It is often very informative to examine the FDTD mesh grid. Enable the XY mesh grid plane by right clicking the XY Grid Plane item in the “Discretization” section of the navigation tree and selecting Show from the contextual menu. You can see that the grid lines are more densely placed around the location of the cylindrical arms. Next, enable the YZ mesh grid plane by right clicking the YZ Grid Plane item in the “Discretization” section of the navigation tree and selecting Show from the contextual menu.

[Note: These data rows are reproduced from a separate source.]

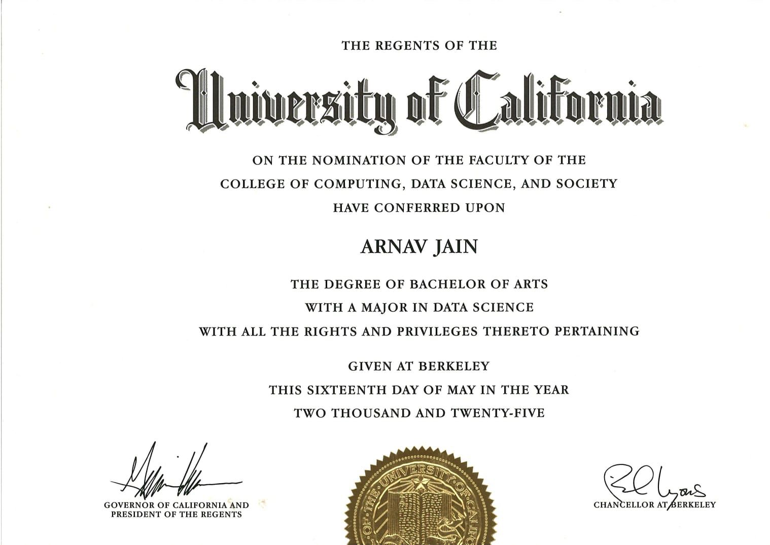 भारत के सुप्रसिद्ध उद्यमी, वरिष्ठ समाजसेवी, भाभाशाह प्रदीप जैन पीएनसी द्वारा प्रदत्त जानकारी के अनुसार मेरे भतीजे अरनव जैन सुपुत्र योगेश जैन को दो डिग्रियां University of California से प्राप्त हुई। अरनव जैन शुरू से ही मेधावी छात्र रहा और इसकी स्कूलिंग भारत के प्रसिद्ध Doon School देहरादून से हुई जहां पर अरनव टॉपर रहा। स्कूलिंग करने के बाद अरनव का एडमिशन Graduate Course के लिए University of California, America मैं हो गया। अरनव ने अपने लक्ष्य की प्राप्ति के लिए अटूट मेहनत की और अपने ज्ञान के बल पर एक साथ Two Major Degrees प्राप्त की।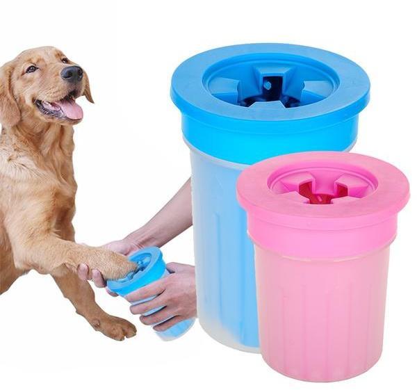 Use this dog paw plunger washer to quickly and easily clean your dog’s paws! Simply fill the device halfway with water with a little bit of soap (optional) and insert your dog’s paw into it repeatedly until clean. The soft plastic bristles will scrub away dirt, sand, rocks, mud, and grime and the dirty water will stay contained in the cylinder. Then simply drain the dirty water and let it air dry. Simple as that!
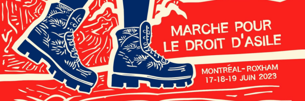 En vísperas del Día Mundial del Refugiado, una coalición de grupos comunitarios de derechos humanos, voluntarios y ciudadanos marchan desde Montreal hasta Roxham Road en solidaridad con los solicitantes de asilo para denunciar la ampliación del Acuerdo de Tercer País Seguro (STCA, por sus siglas en inglés) y el cierre de facto de la frontera a los solicitantes de asilo. Una movilización que duró un mes, entre marzo y abril, frente a las oficinas

Running the FDTD Simulation
At this time, your project is ready for FDTD simulation. To run a quick simulation of your physical structure, click the Run Button of the Simulate Toolbar to open up the Simulation Run Dialog. Or alternatively, use the keyboard shortcut Ctrl+R, or select the menu item Simulate → Run… The simplest simulation mode in EM.Tempo is Wideband Analysis, which is its default Simulation Mode. In this mode, your physical structure is taken “As Is” and its mesh is passed to the FDTD simulation engine along with the necessary information regarding the sources and observables.

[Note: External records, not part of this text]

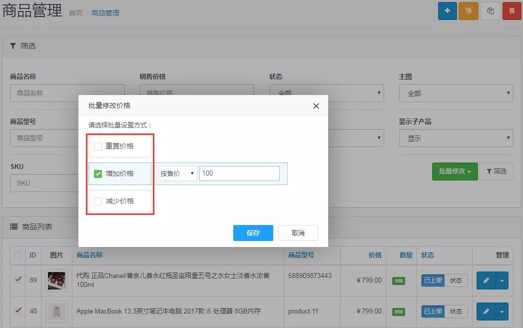 ✦ 高级筛选功能,根据价格、品牌、选项进行快速筛选,关联项可动态显示隐藏 ✦ 新增高级类型管理,对系列商品产品增加SKU,可分别精准管理相同产品不同类型的 库存 ✦ 设置页面下拉选项disable ,订单状态设置(新增,修改)不可更改
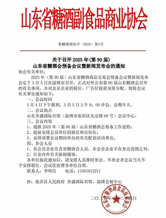 2025年春季(第90届)山东省糖酒会将于4月19—21日在淄博举行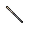 NASKLADNĚNÍ TOHOTO PRODUKTU OČEKÁVÁME NA PŘELOMU ZÁŘÍ A ŘÍJNA 2021., Plnicí pero větší velikosti, tělo a víčko zněkolika tenkých vrstev difuzně vázané vzácné pryskyřice vytváří nápadné barevné pruhy. Úchop zlesklé černé pryskyřice. Korunka, víčka zplátkového zlata srytinou 100th - stého výročí. Prstence na víčku, typické pro Duofold, jsou zplátkového zlata. Ikonický klip ve tvaru šípu pokovený zlatem. Hrot, z18karátového zlata (ryzost Au 750/1000) se zdobnou rytinou karetního esa a stého výročí, částečně pokovený rhodiem., PLNICÍ PERO: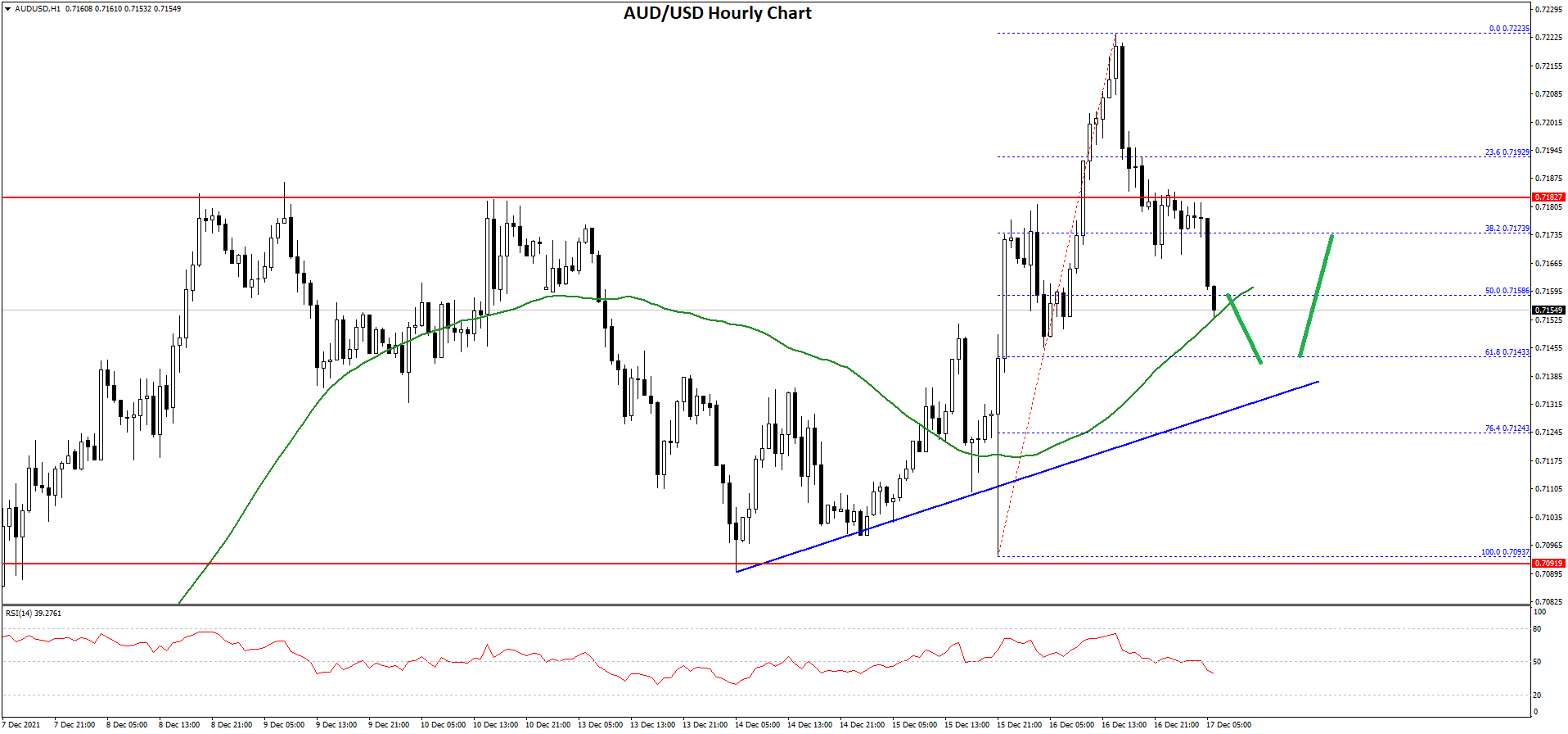 The pair even broke the 0.7220 resistance zone and the 50 hourly simple moving average. It traded as high as 0.7223 on FXOpen before it started a downside correction. There was a move below the 0.7210 and 0.7200 levels.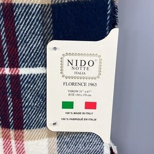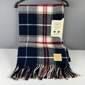NIDO Plaid Throw Blanket with Fringe Made in Italy 51" x 67" Navy Red White NEW

Before you run your first FDTD simulation in EM.Tempo, let’s take a closer look at the FDTD simulation engine’s settings. Click the Settings button next to the “Select Engine” drop-down list to bring up the FDTD Engine Settings dialog. The convergence section ("Termination Criterion") of this dialog offers three criteria for terminating the FDTD time marching scheme. The first one is a Power Threshold, which normally has a default value of -30dB. The second one is a maximum number of steps (No. Time Steps), which normally has a default value of 10,000. The third option is labeled “Both”, which means that both of the above termination criteria will be considered until one of them is met. For this particular structure, the wizard set the power threshold equal to -40dB and the maximum number of time steps to 20,000.
For highly resonant structures, it is recommended that you establish a much more demanding convergence criterion with a lower power threshold value and a larger number of time steps. |
To run the simulation, click the Run button of the Simulation Run Dialog. A separate window pops up displaying messages from the simulation engine. In four separate fields, the engine reports the current time step, elapsed time, performance in MCells/second, and convergence status. Once the simulation is completed, you can close the message window and return to the project workspace. The navigation tree and data manager are now populated with simulation results.
Plotting Scattering and Impedance Parameters
A list of all the 2D output data files generated at the end of a simulation can be viewed in EM.Tempo’s Data Manager. To open this dialog, click the Data Manager button of Simulate Toolbar, or use the keyboard shortcut Ctrl+D, or select the menu item Simulate → Data Manager. Select the file "DP_S11.CPX" from the list by clicking on its name and highlighting its row in the table. Click the Plot button of the dialog. A PyPlot graph window pops up that shows the magnitude and phase of the S11 parameter. If you move the mouse around the graph, you can read the values of the graph on the Status Bar of the graph window. The figure below shows that the dip of the plot is at 977MHz with a value of -33.4dB
Next, select the file "DP_Z11.CPX" from the list and plot it. This time the graph shows the real and imaginary parts of the Z11 parameter. It can be seen that at 977MHz, the input resistance of the dipole is 73.75Ω.
Visualizing the 3D Radiation Pattern
At the end of the FDTD simulation, the far fields section of the navigation tree is populated with three 3D radiation pattern plots: Theta pattern, Phi pattern and the total pattern. If you view these plots, you will see them blended with the physical structure in EM.Tempo’s project workspace. Remember that your dipole is centered at (0, 0, 0), which is the origin of the spherical coordinate system used for 3D far-field plots. The total 3D radiation pattern of your half-wave dipole antenna must look like this:
You can see from the legend box of the plot that the directivity of your dipole is computed to be D0 = 1.632.
Plotting the 2D Radiation Pattern Graphs
EM.Tempo's data manager also contains a list of 2D radiation pattern graphs of both Cartesian and polar types. Click the Data Manager button of Simulate Toolbar and plot the two files “FF_1_PATTERN_Cart_YZ.DAT” and “FF_1_PATTERN_Polar_YZ.ANG”. Click the Plot button of the Data Manager dialog to plot both files.